* The data

#####

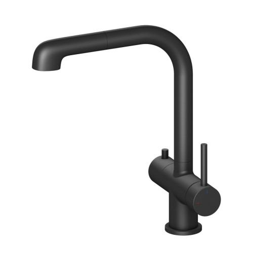 Смеситель для кухни с подключением фильтра и выдвижной лейкой Saona 2346/03FL выполнен из латуни А класса в черном цвете. Коллекция: Saona. Управление: огднорычажное. Тип излива: поворотный. Диаметр керамического картриджа: 35 мм.
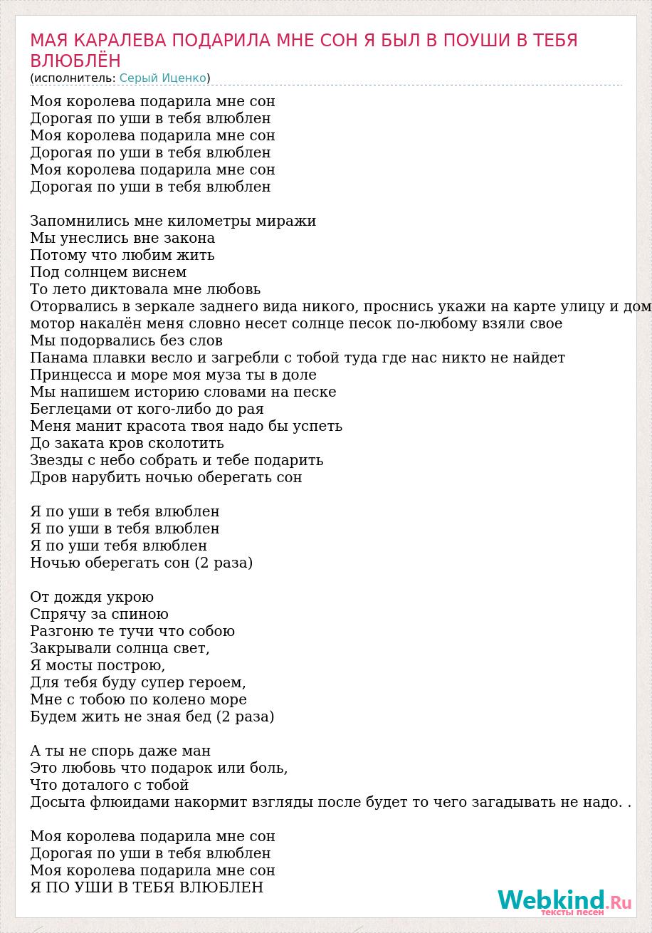 Моя королева подарила мне сон Дорогая по уши в тебя влюблен Моя королева подарила мне сон Дорогая по уши в тебя влюблен Моя королева подарила мне сон Дорогая по уши в тебя влюблен Запомнились мне километры миражи Мы унеслись вне закона Потому что любим жить Под солнцем виснем То лето диктовала мне любовь Оторвались в зеркале заднего вида никого, проснись укажи на карте улицу и дом мотор накалён меня словно несет солнце песок по-любому взяли свое Мы подорвались без слов Панама плавки весло и загребли с тобой туда где нас никто не найдет Принцесса и море моя муза ты в доле Мы напишем историю словами на песке Беглецами от кого-либо до рая Меня манит красота твоя надо бы успеть До заката кров сколотить Звезды с небо собрать и тебе подарить Дров нарубить ночью оберегать сон Я по уши в тебя влюблен Я по уши в тебя влюблен Я по уши тебя влюблен Ночью оберегать сон (2 раза) От дождя укрою Спрячу за спиною Разгоню те тучи что собою Закрывали солнца свет, Я мосты построю, Для тебя буду супер героем, Мне с тобою по колено море Будем жить не зная бед (2 раза) А ты не спорь даже ман Это любовь что подарок или боль, Что доталого с тобой Досыта флюидами накормит взгляды после будет то чего загадывать не надо. . Моя королева подарила мне сон Дорогая по уши в тебя влюблен Моя королева подарила мне сон Я ПО УШИ В ТЕБЯ ВЛЮБЛЕН
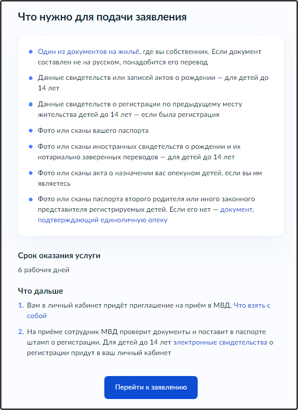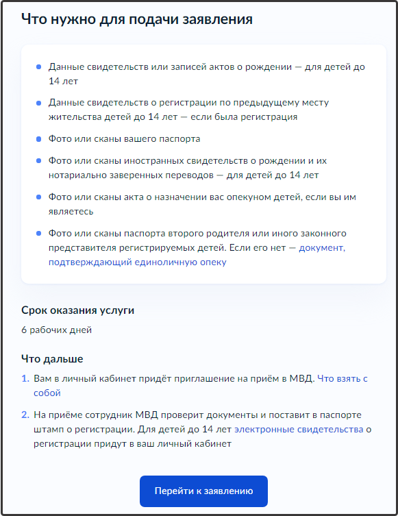 - На приёме сотрудник МВД проверит документы и поставит в паспорте штамп о регистрации. Для детей до 14 лет электронные свидетельства о регистрации придут в ваш личный кабинет
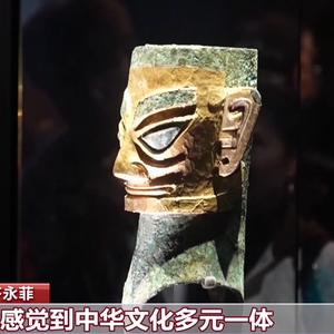 游客 齐永菲:参观过很多的博物馆,来到三星堆博物馆,我也发现各个博物馆的文物有很多相似点,感觉到中华文化多元一体。

#####

* Requirement
Transcribe each line above exactly, pictures excluded.

* Response box
 Смеситель для кухни с подключением фильтра и выдвижной лейкой Saona 2346/03FL выполнен из латуни А класса в черном цвете. Коллекция: Saona. Управление: огднорычажное. Тип излива: поворотный. Диаметр керамического картриджа: 35 мм.
 Моя королева подарила мне сон Дорогая по уши в тебя влюблен Моя королева подарила мне сон Дорогая по уши в тебя влюблен Моя королева подарила мне сон Дорогая по уши в тебя влюблен Запомнились мне километры миражи Мы унеслись вне закона Потому что любим жить Под солнцем виснем То лето диктовала мне любовь Оторвались в зеркале заднего вида никого, проснись укажи на карте улицу и дом мотор накалён меня словно несет солнце песок по-любому взяли свое Мы подорвались без слов Панама плавки весло и загребли с тобой туда где нас никто не найдет Принцесса и море моя муза ты в доле Мы напишем историю словами на песке Беглецами от кого-либо до рая Меня манит красота твоя надо бы успеть До заката кров сколотить Звезды с небо собрать и тебе подарить Дров нарубить ночью оберегать сон Я по уши в тебя влюблен Я по уши в тебя влюблен Я по уши тебя влюблен Ночью оберегать сон (2 раза) От дождя укрою Спрячу за спиною Разгоню те тучи что собою Закрывали солнца свет, Я мосты построю, Для тебя буду супер героем, Мне с тобою по колено море Будем жить не зная бед (2 раза) А ты не спорь даже ман Это любовь что подарок или боль, Что доталого с тобой Досыта флюидами накормит взгляды после будет то чего загадывать не надо. . Моя королева подарила мне сон Дорогая по уши в тебя влюблен Моя королева подарила мне сон Я ПО УШИ В ТЕБЯ ВЛЮБЛЕН
 - На приёме сотрудник МВД проверит документы и поставит в паспорте штамп о регистрации. Для детей до 14 лет электронные свидетельства о регистрации придут в ваш личный кабинет
 游客 齐永菲:参观过很多的博物馆,来到三星堆博物馆,我也发现各个博物馆的文物有很多相似点,感觉到中华文化多元一体。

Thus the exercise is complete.